Christina Curtis, PhD

2012-2013 BCRF Project:
(made possible by generous support from The Housewares Charity Foundation)
Co-Investigator: Sir Bruce A. J. Ponder, PhD, FRCP, FRS, University of Cambridge, Cancer Research UK, Cambridge, United Kingdom

Drs. Ponder and Curtis have made substantial progress in developing approaches to study the heterogeneity of individual breast cancers. Their current efforts are focused on characterizing the extent of this intra-tumoral diversity and identifying the molecular drivers that characterize both large and small families (clonal populations) of cancer cells as these may represent actionable mutations. With the technological and computational tools in place, Drs. Ponder and Curtis aim to extend their novel approach to larger numbers of representative samples from the patient population so that their findings may be generalized to improve patient care and in the development of individualized therapies.

This approach represents a paradigm shift in the molecular profiling of breast cancer that will address unanswered questions concerning the variability in tumor phenotypes and treatment response. This research will also shed light on underlying mechanisms of tumorigenesis and may help to clarify the contributions of cancer stem cells and clonal evolution to tumor heterogeneity. With the experimental and computational tools in hand, this team will continue their efforts to reconstruct the subclonal ancestry of cell populations within an individual tumor and their associated mutational events. In particular, they will focus on identifying the molecular drivers that characterize both rare and dominant clonal populations, as they may represent actionable mutations.

Drs. Ponder and Curtis have now applied their novel experimental and analytical framework in order to interrogate the mutational diversity and subclonal architecture of a subset of breast cancers. Their approach is unique in that it enables the quantification of intra-tumor heterogeneity and tumor dynamics, with implications for personalized treatment. This team will observe extensive intra-tumoral heterogeneity on multiple spatial scales, as well as variability in tumor organization between patients, and are now analyzing additional samples in order to determine the clinical relevance of their findings.

Mid-year Progress: Drs. Curtis and Ponder will continue to investigate the evolutionary dynamics underlying tumor progression and therapeutic resistance. In particular, using high-throughput genomic data derived from breast cancer samples, they will measure patient-specific parameters such as the fraction of cancer stem cells, mutation rate, and the extent of genetic heterogeneity, and will determine whether these features are associated with clinical outcome. Using these and other data, they will exploit their computational framework in order to predict optimal treatment strategies.

Bio:
Christina Curtis, PhD is an Assistant Professor of Preventive Medicine at the Keck School of Medicine of the University of Southern California and a member of the Norris Comprehensive Cancer Center. She obtained her bachelor of science degree from the University of California, Los Angeles in 2001 and went on to obtain a master's degree in Molecular Biology from the University of Heidelberg, Germany, a master's degree in Bioinformatics from the University of Southern California, and a doctorate in Molecular and Computational Biology in 2007. She subsequently completed a postdoctoral fellowship in Computational Biology at the University of Cambridge before assuming her current position in 2010.

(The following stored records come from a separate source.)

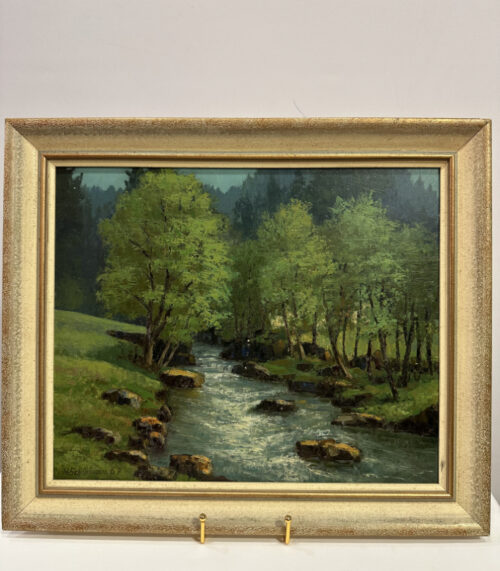 Ölgemälde Flusslandschaft mit Bäumen und Steinen von H. Schürmann 1967, 46 x 40 cm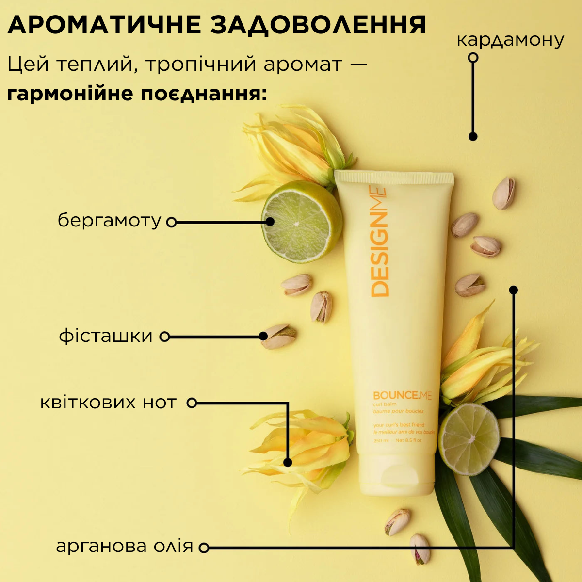 BOUNCE.ME Curl Balm — це легкий бальзам для укладки, створений спеціально для хвилястого та кучерявого волосся. Він підкреслює природну текстуру, усуває пухнастість і забезпечує еластичну фіксацію без склеювання чи жорсткості. Формула з аргановою олією, пантенолом і зволожувальними компонентами зберігає пружність завитків, надає блиск і захищає від термічного впливу.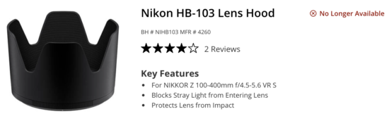 The Nikon HB-103 lens hood is designed for the Nikkor Z 100-400mm f/4.5-5.6 VR S lens. The Nikon Japan store clearly states that the product is an older model and that a new one is available. In the US, the Nikon HB-103 lens hood is also listed as discontinued: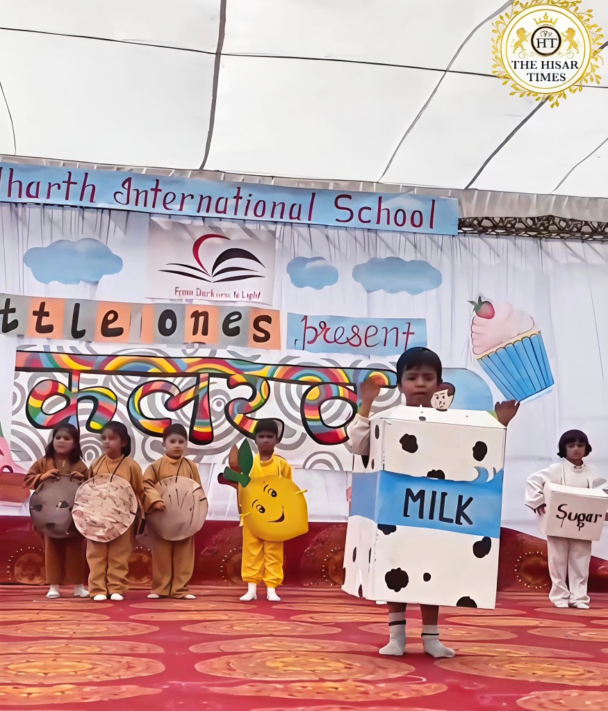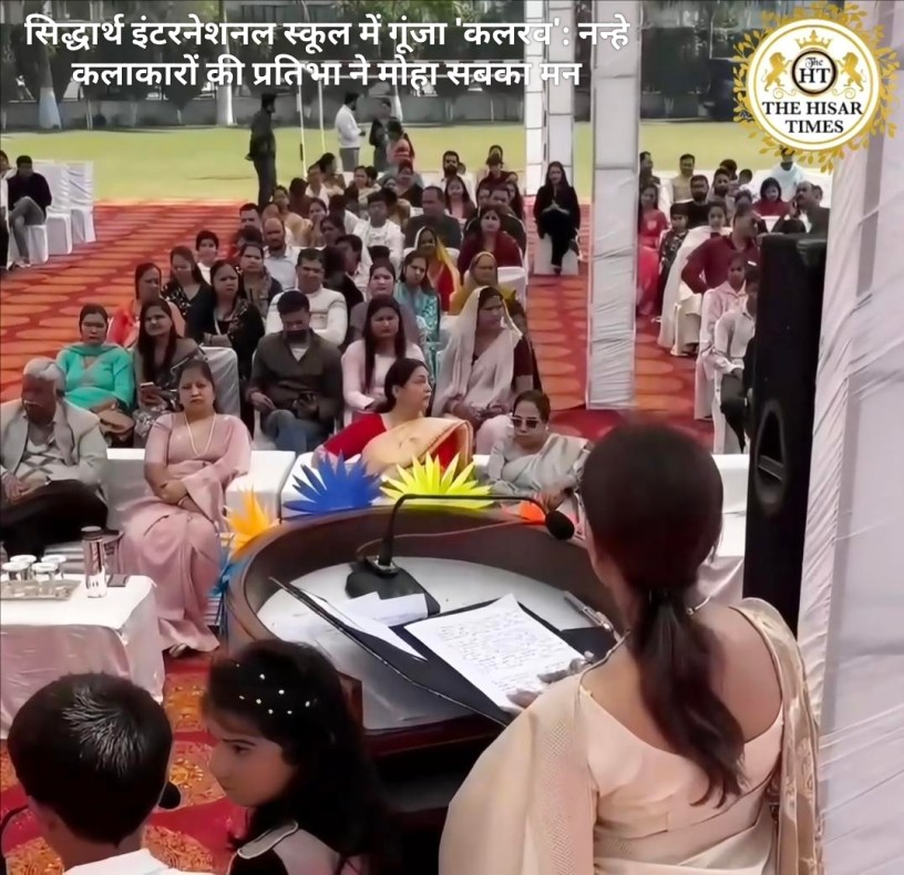 हिसार टाइम्स – हिसार स्थित सिद्धार्थ इंटरनेशनल स्कूल के प्रांगण में प्री-प्राइमरी के नन्हे-मुन्ने बच्चों ने अपने बहुप्रतीक्षित वार्षिकोत्सव ‘कलरव’ के माध्यम से एक इंद्रधनुषी छटा बिखेर दी। इस भव्य और रंगारंग समारोह में नौनिहालों ने अपनी मासूमियत और अद्भुत प्रतिभा का ऐसा समां बांधा कि दर्शक दीर्घा में बैठे अभिभावक और अतिथि मंत्रमुग्ध हो गए। कार्यक्रम का शुभारंभ नन्हे बच्चों द्वारा प्रस्तुत ‘शिव स्तुति’ से हुआ, जिसने न केवल वातावरण में आध्यात्मिकता का संचार किया, बल्कि सकारात्मक ऊर्जा से पूरे माहौल को सराबोर कर दिया। इसके पश्चात, बच्चों ने एक मधुर स्वागत गीत के माध्यम से अतिथियों का हर्षोल्लास के साथ अभिनंदन किया।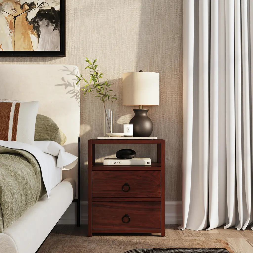 Butler Specialty Company Lark 21 in. W Wood 2 Drawer Nightstand with Open Storage Shelf, Medium Brown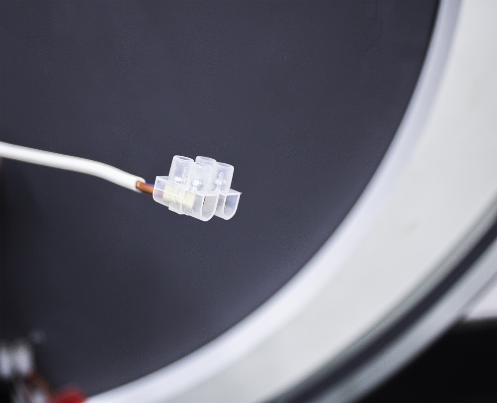 - В комплектацию зеркала входит источник питания, стабилизирующий напряжение (трансформатор), что позволяет подключать изделие к сети 220В.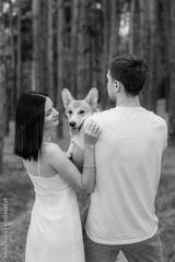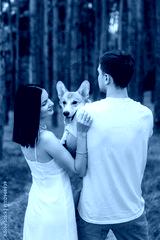 A lovely couple joyfully enjoying nature, accompanied by their happy and playful Corgi dog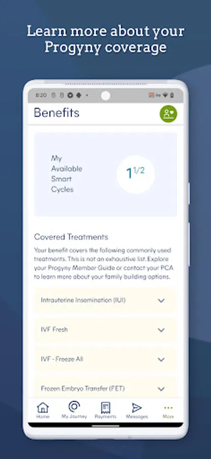 The Progyny Member Portal app is self-service tool to view your benefit details, communicate with your Progyny Care Team, pay bills, and access fertility and family building education.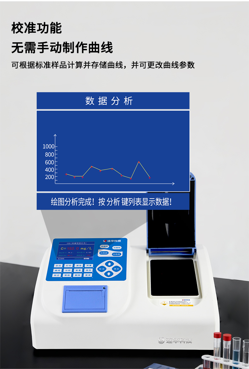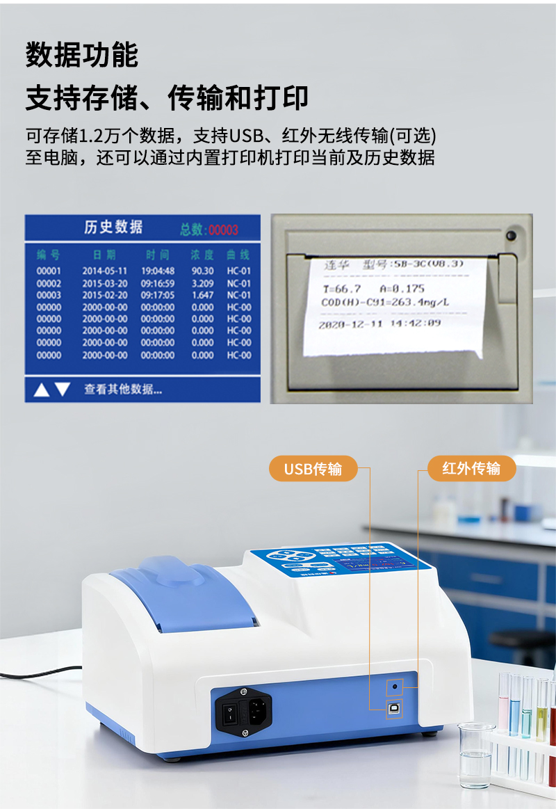 1、快速、准确测定地表水、中水、城市污水及工业废水中的(COD);2、测定COD高量程、COD低量程水样,还同时支持皿比色和管比色两种比色方式;3、独立双光路无干涉系统,浓度直读、精度高、寿命长、更稳定;4、直观的菜单导航系统以及3.5英寸的彩色液晶屏,人性化操作提示,使用更简单;5、仪器自备校准功能,可根据标准样品计算并存储曲线,无需手动制作曲线;6、大、小字体显示模式自由切换,显示数据更清晰,参数更详细;7、可向计算机传输当前数据和历史数据,支持USB、红外无线传输;8、同时支持比色皿和比色管两种比色方式;9、仪器内置打印机,可打印当前数据和所有存储的历史数据;10、配备完善的专业耗材试剂,工作步骤大大减少,测量更加简单、准确;11、采用自主设计的模具非金属机壳,整机美观大方;12、支持历史数据存储查看功能,可存储1.2万个数据;13、用户可根据需要,选配氨氮检测项目。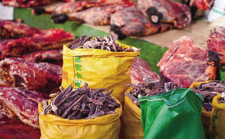 近年来,随着到西藏的游客逐年增多,风干牦牛肉不再是只属于高原的美食,逐渐成为游客们旅行归来赠送亲友的首选特产。一根根小小的风干牦牛肉条,承载着藏族人民的勤劳与智慧,走向了全国各地,开启了属于它的无限可能……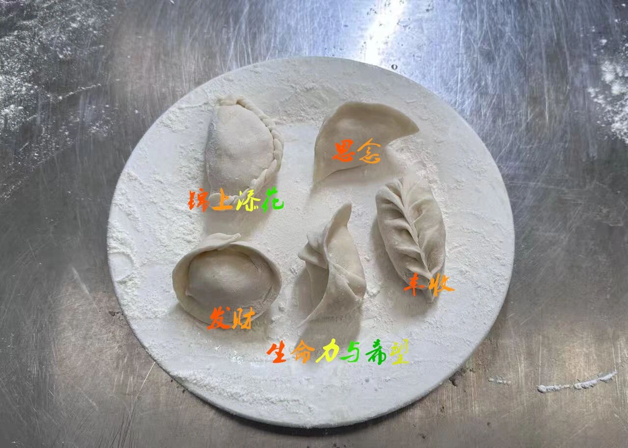 同学们更是大显身手,展示了五种各具寓意的饺子包法:麦穗代表丰收、元宝代表发财、花边代表锦上添花、柳叶代表生命力与希望、信封则代表着思念,每一种包法都承载着对家人的心意与吉祥祝福。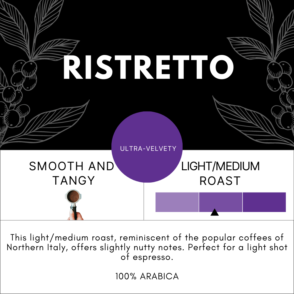 Inspired by the traditions of Northern Italy, Ristretto is a light roast espresso made from high-quality coffee beans sourced from Costa Rica (SHB), Colombia, and a renowned region of Asia known for its full body and deep aromatic profile. It delivers a balanced cup with smooth notes of hazelnut, mellow chocolate, and dried fruits.

Dr. Curtis's laboratory pursues innovative experimental approaches and data-driven modeling to address outstanding questions in cancer systems biology. In particular, her research seeks to delineate mechanisms of tumor progression and therapeutic resistance. She and her team have developed a framework to interrogate tumor dynamics at high-resolution, enabling a shift in patient molecular profiling with implications for personalized treatment strategies. Another aspect of her research has focused on the integration of diverse genomic data types to elucidate inter-individual variation and mechanisms of tumorigenesis. For example, she lead a seminal study that redefined the molecular map of breast cancer through a detailed characterization of the genomic and transcriptomic landscape of 2,000 breast cancers. Using integrative genomics and statistical approaches this work uncovered novel subtypes of breast cancer with distinct clinical outcomes and subtype-specific driver genes, which will guide the development of targeted therapeutics.

Dr. Curtis was the recipient of the 2009 American Association of Cancer Research Scholar in Training Award and the 2012 STOP CANCER Research Career Development Award.